I didn’t immediately get the connection between Williams’ professional work with Duke and the producer’s wife…but Williams soon drove the point home.

“They say the man is the head, but if that’s true, then the wife is the neck. And on occasion, she can turn that head any way she wants to,” Williams chuckled.  “She told me to leave it to her.  A week later, George and I are in the studio recording ‘Let’s Hear It For The Boy.’

That single’s multi-format success sent Williams’ career through the stratosphere, and as she’d done in the past, Williams used that platform to give praises to God.  After she’d been invited to perform on the Grammy Award broadcast that year, she opted not to sing her hit single, but to perform her original “God Is Amazing.”   During that broadcast, Williams pours her heart, soul, and all four octaves of her voice into a truly unforgettable performance.

“They only gave me a minute and a half, once I told them I wanted to sing in the gospel section of the show,” Williams recalls, “and they did it begrudgingly.  Columbia Records was complaining about my having had multiple Grammy nominations that year, but that I’d decided to sing gospel.” 

“I took the minute and a half and went out on that stage, and God did the rest,” she modestly said. 
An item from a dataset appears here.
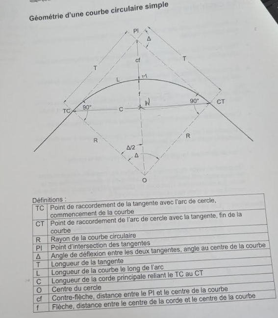 le contexte : c'est de calculer le rayon de deux courbes au PI1 et l'autre courbe est au PI2.

Williams won the first of her many Grammys a few years later, for another gospel song, “I Believe In You.”  In fact, despite her tremendous success in the R & B and pop arenas, all of her Grammys have been in the gospel categories.  I asked her what, if anything, that said to her. 

“It says to me that I still haven’t gotten my Grammy for my R & B and pop music,” Williams exclaimed with a hearty laugh.  “But even more, it says that God honored me stepping out.  He honored the fact that I stepped out even when I could have pursued other things. I decided to honor God, and He honored me.”

Fans will be thrilled to learn that Williams is finishing her first-ever jazz album, and hopes to release it later this year.   We have just small glimpses of what Williams could do with a jazz song — “The Paper” from her Songbird album comes to mind — but I join fans worldwide in anticipation of her sinking her teeth into her album of jazz originals and classics.  I suggested that she call the new album Teach Me Tonight, and encouraged her to record the song that Stevie Wonder had taught her all of those years ago, as she started her career. 

“I have never recorded ‘Teach Me Tonight,’ and I love that idea,” Williams said.  “I love that song!  I’ve got to put it on the list.  I think you’ve convinced me!” 

Maybe we can convince her to sing it in Oakland later this month.  Fans may be happy — and shocked — to hear that Williams will be performing her hits in Oakland in their original, glass-shattering keys. 

“I’ve heard changes in my voice, over the years,” Williams confided.  “When I listen to This Is Niecy and a couple of other projects, I hear a little girl, I hear the innocence in my voice.  Now that my voice has matured, I hear a woman singing.  But I’m still singing most of my songs in the original keys. I know a lot of my peers do not sound like they used to sound, and that makes me even more grateful that God has been that gracious to me.” 

“We’re gonna have a lot of fun,” Williams concluded, in anticipation of her Oakland concerts.  “I always take the attitude that people are sitting in my living room, and we’re just conversing and talking with one another and hanging out, enjoying some great music and some funny stories.  It’s going to be an incredible time.” 

Information on Williams’ Oakland shows is available at yoshis.com.